We have previously shown that formation of triplet states and other photo-induced states can be controlled by modulating the excitation with pulse widths and periods in the range of the transition times of the involved states. However, modulating the excitation in fluorescence correlation spectroscopy (FCS) measurements normally destroys correlation information and induces ringing in the correlation curve. We have introduced and experimentally verified a method to retrieve the full correlation curves from FCS measurements with modulated excitation and arbitrarily low fraction of active excitation. Modulated excitation applied to FCS experiments was shown to suppress the triplet build-up more efficiently than reducing excitation power with continuous wave excitation. The usefulness of the method was demonstrated by measurements done on fluorescein at different pH, where suppression of the triplet significantly facilitates the analysis of the protonation kinetics. Using a fluorophore where the protonation-coupled fluorescence intensity fluctuations are due to spectral shifts, introduction of two-color alternating excitation and spectral crosscorrelation can turn the protonation component of the correlation curve into an anti-correlation and further facilitate the distinction of this component from those of other processes.

Transient state microscopy: a new tool for biomolecular imaging

Photoinduced transient dark states are exhibited by practically all common fluorophores.
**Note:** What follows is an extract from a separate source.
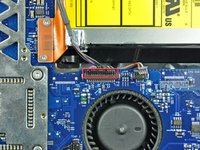 Disconnect the hard drive fan by pulling its connector away from the face of the logic board.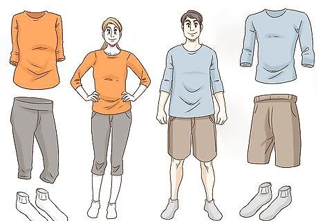 Wear clothes that you can move around in. You're going to need to bend and stretch a lot while you're swinging. This isn't the time for tight, restricting pants. Wear stretchy pants and a shirt that at least covers your shoulders to protect you from the net. Often, you'll be taught to hang upside-down, so try wear something that will mostly stay in place. Keep in mind that you will likely be in your socks while climbing, so wear ones with grips on the bottom if you're worried about slipping. You can also wear soft-soled water shoes or soft dance shoes instead. Pull your hair up into a ponytail if it's long, and don't wear jewelry, as you might lose it.

However, their information content has to date only been sparsely exploited due to methodological constraints. Here, a new concept is presented and verified that can monitor and image these states via their photodynamic fingerprints. It unites the environmental sensitivity of these states with the sensitivity of fluorescence-based detection. For demonstration, triplet state images of liposomes in different environments were generated, showing how local environmental differences can be resolved, not clearly distinguishable via other fluorescence parameters. The concept can provide several new, useful and independent fluorescence-based parameters in biomolecular imaging.